WHAT TO WORK ON: Below this task are records; return each one exactly and omit its images.

__________

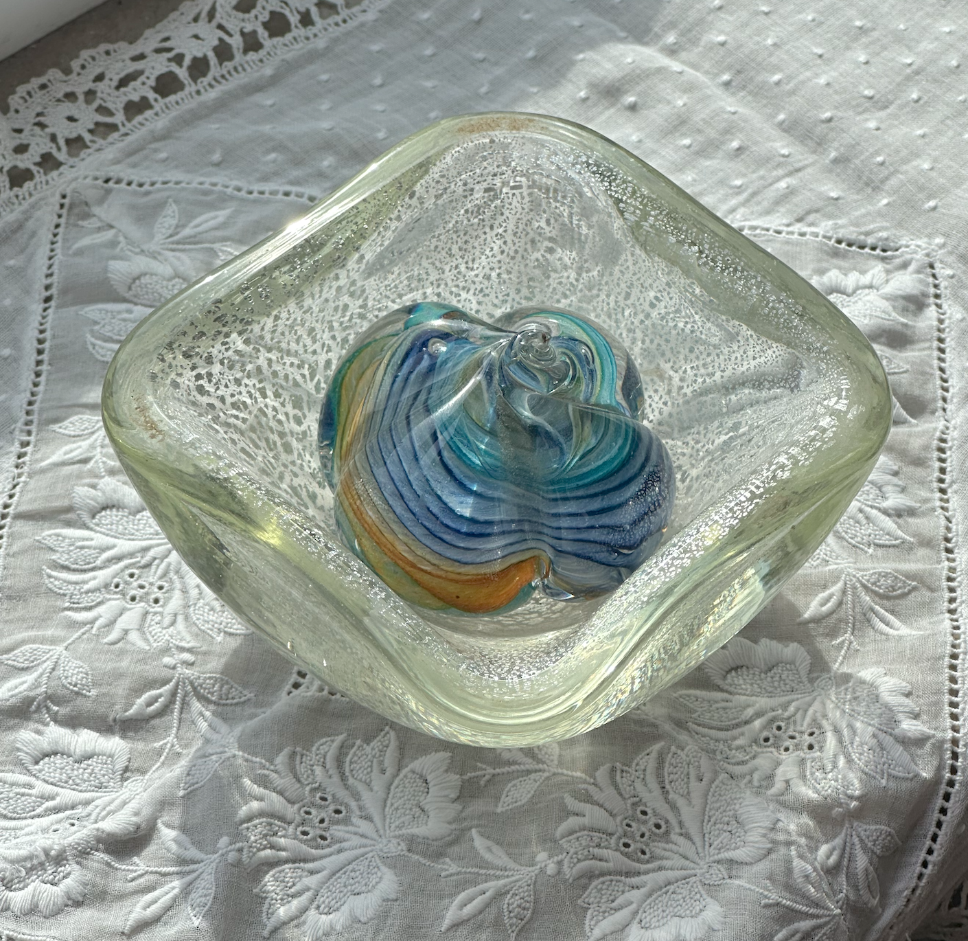 1960년도 독일에서 제작된 생크림 모양 빈티지 아트 글라스 페이퍼웨이트 입니다. 부드럽게 소용돌이치는 듯한 표면은 마치 생크림을 떠올리게 하는 크리미한 질감으로, 보는 순간 미소가 지어지는 사랑스러움이 담겨 있습니다. 종이나 테이블 위 올려두어 디스플레이하시면 인테리어 오브제로 훌륭합니다. 민트 컨디션을 유지하고 있으며, 장식성과 실용성을 겸비한 특별한 빈티지 아이템입니다.
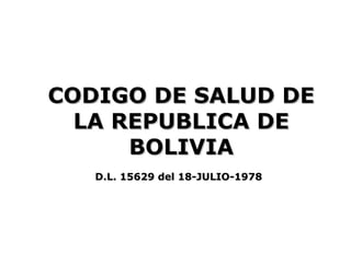 Este documento presenta el Código de Salud de la República de Bolivia de 1978. Establece que la finalidad del código es regular las acciones para la conservación, mejoramiento y restauración de la salud de la población mediante el control del comportamiento humano y ciertas actividades. Declara que la salud es un bien de interés público y corresponde al Estado velar por la salud del individuo, la familia y la población. Asigna al Ministerio de Previsión Social y Salud Pública la definición de la política nacional de salud.
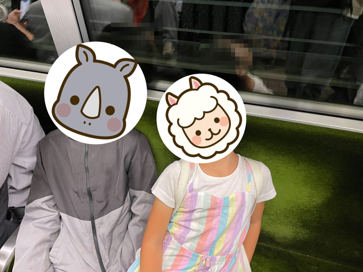 帰りの大阪メトロ中央線では、さい君もアルパカちゃんもぐっすり夢の中。
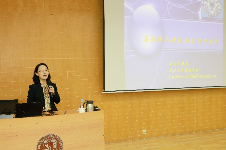 管理学院教授吴文华引经据典,深入浅出地阐述了高效团队建设和执行力提升的思路与方法。她从具体案例入手,深入分析打造高效团队的关键因素;通过群体与团队的比较,强调团队目标共识和团队成员角色认同的重要性;用环环相扣的问题引导学员们多角度地思考团队建设的重要意义和执行力提升的有效途径,将团队理念深深种在每个学员心中。
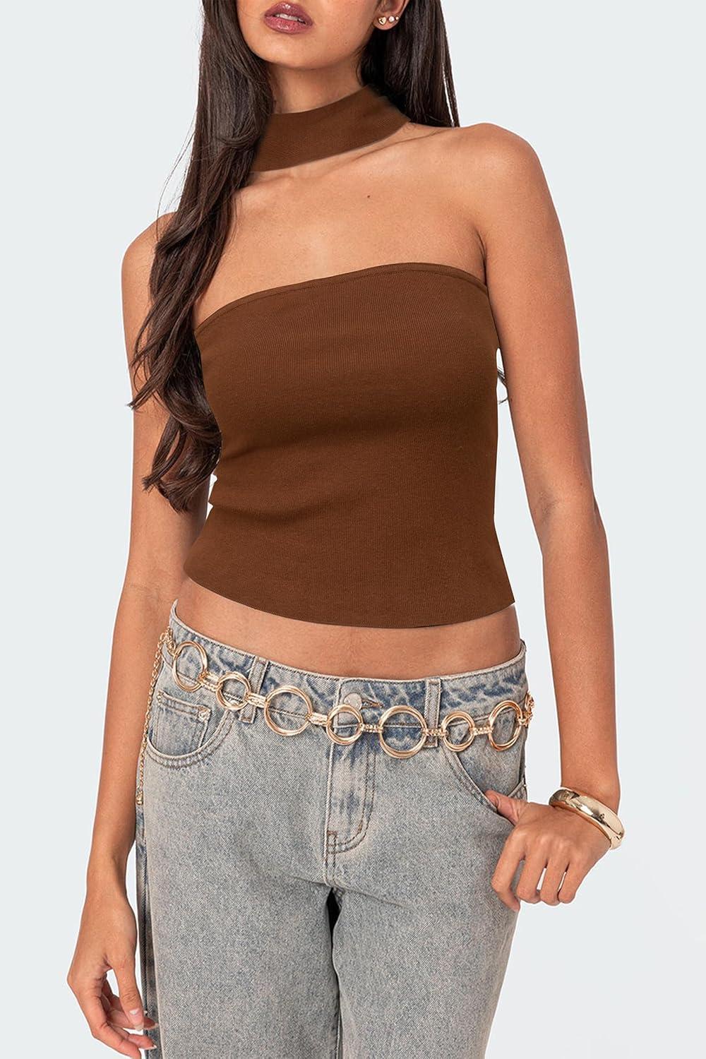 Arach&Cloz Women’s Non See Through 2-in-1 Y2K Non Slip Fall Scarf Tube Top 2025(Caramel)
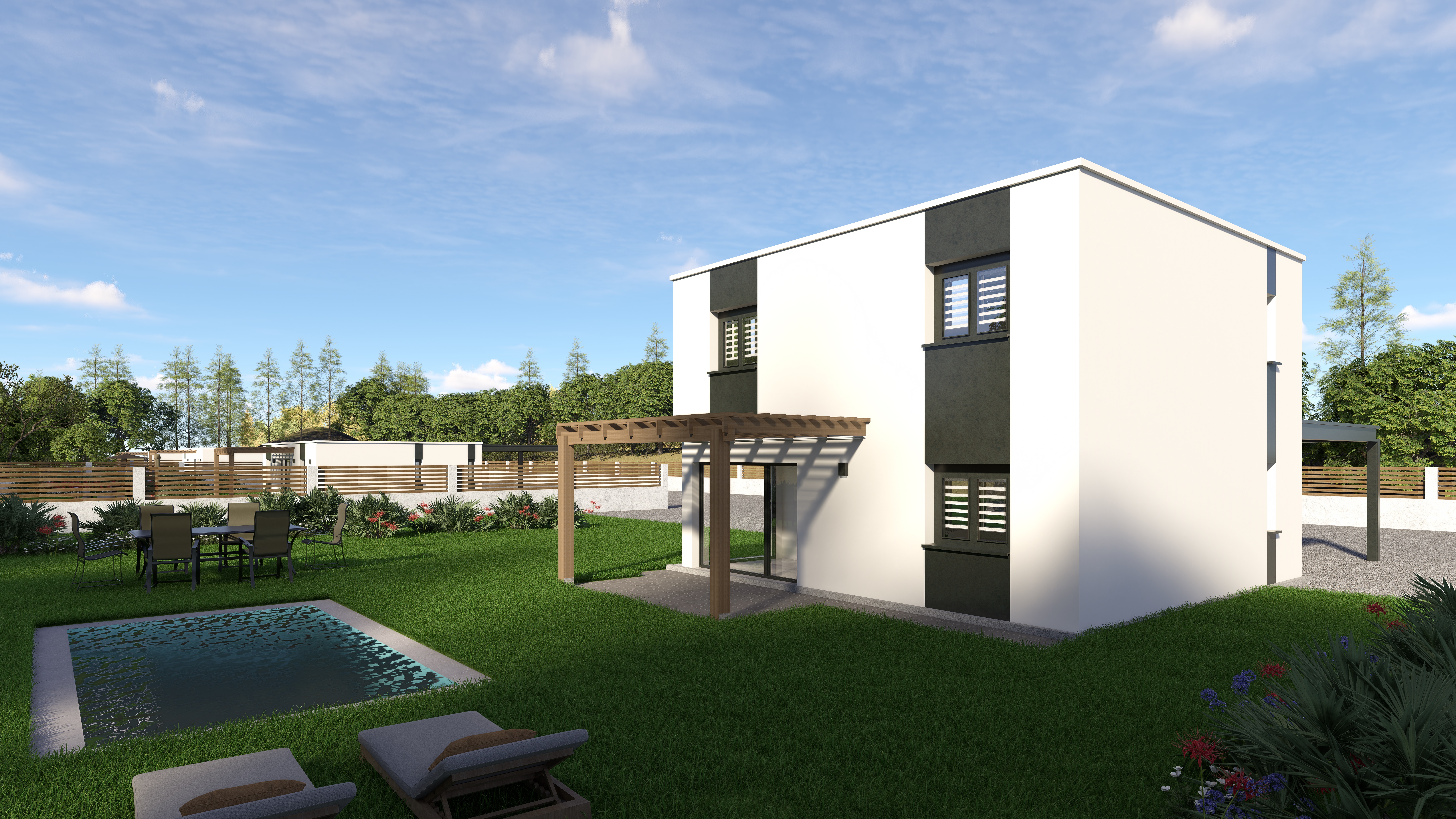 Los precios incluyen: Estructura y cubierta descritas, losa de compresión aislada, acabados de fachada, puertas y ventanas (persianas manuales en dormitorios), instalaciones, sistema aerotérmico para ACS, climatización, pintura interior y alicatados, baños y cocina.
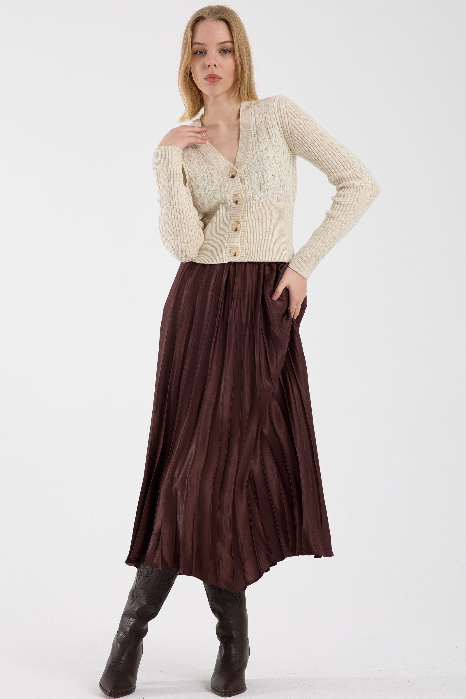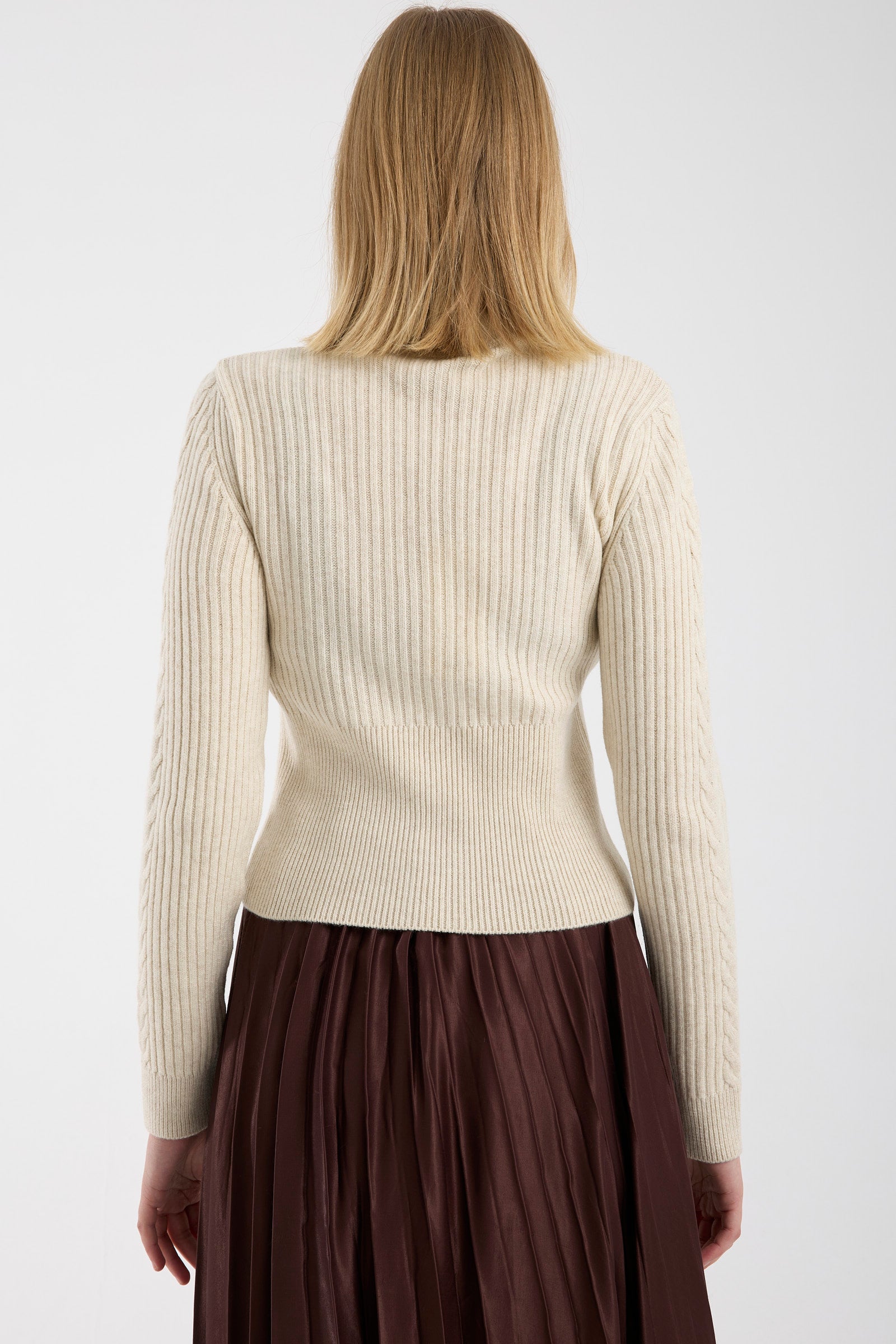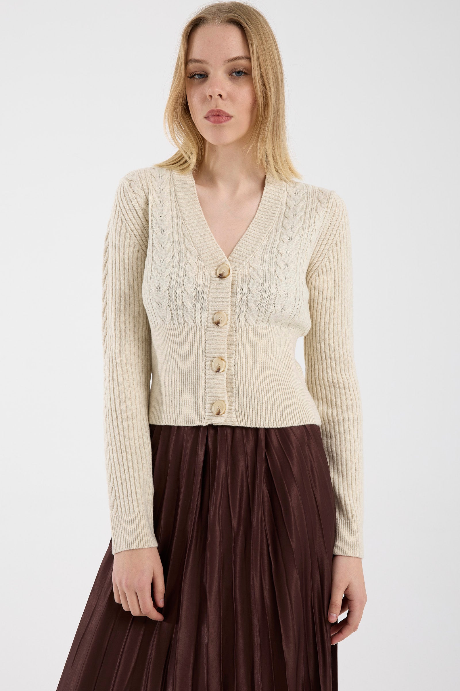 V yakalı, önü büyük düğme kapamalı kısa triko hırka. Bele oturan lastik örgü detayına sahip, saç örgü desenli.

__________

TASK RESULT:
 1960년도 독일에서 제작된 생크림 모양 빈티지 아트 글라스 페이퍼웨이트 입니다. 부드럽게 소용돌이치는 듯한 표면은 마치 생크림을 떠올리게 하는 크리미한 질감으로, 보는 순간 미소가 지어지는 사랑스러움이 담겨 있습니다. 종이나 테이블 위 올려두어 디스플레이하시면 인테리어 오브제로 훌륭합니다. 민트 컨디션을 유지하고 있으며, 장식성과 실용성을 겸비한 특별한 빈티지 아이템입니다.
 Este documento presenta el Código de Salud de la República de Bolivia de 1978. Establece que la finalidad del código es regular las acciones para la conservación, mejoramiento y restauración de la salud de la población mediante el control del comportamiento humano y ciertas actividades. Declara que la salud es un bien de interés público y corresponde al Estado velar por la salud del individuo, la familia y la población. Asigna al Ministerio de Previsión Social y Salud Pública la definición de la política nacional de salud.
 帰りの大阪メトロ中央線では、さい君もアルパカちゃんもぐっすり夢の中。
 管理学院教授吴文华引经据典,深入浅出地阐述了高效团队建设和执行力提升的思路与方法。她从具体案例入手,深入分析打造高效团队的关键因素;通过群体与团队的比较,强调团队目标共识和团队成员角色认同的重要性;用环环相扣的问题引导学员们多角度地思考团队建设的重要意义和执行力提升的有效途径,将团队理念深深种在每个学员心中。
 Arach&Cloz Women’s Non See Through 2-in-1 Y2K Non Slip Fall Scarf Tube Top 2025(Caramel)
 Los precios incluyen: Estructura y cubierta descritas, losa de compresión aislada, acabados de fachada, puertas y ventanas (persianas manuales en dormitorios), instalaciones, sistema aerotérmico para ACS, climatización, pintura interior y alicatados, baños y cocina.
 V yakalı, önü büyük düğme kapamalı kısa triko hırka. Bele oturan lastik örgü detayına sahip, saç örgü desenli.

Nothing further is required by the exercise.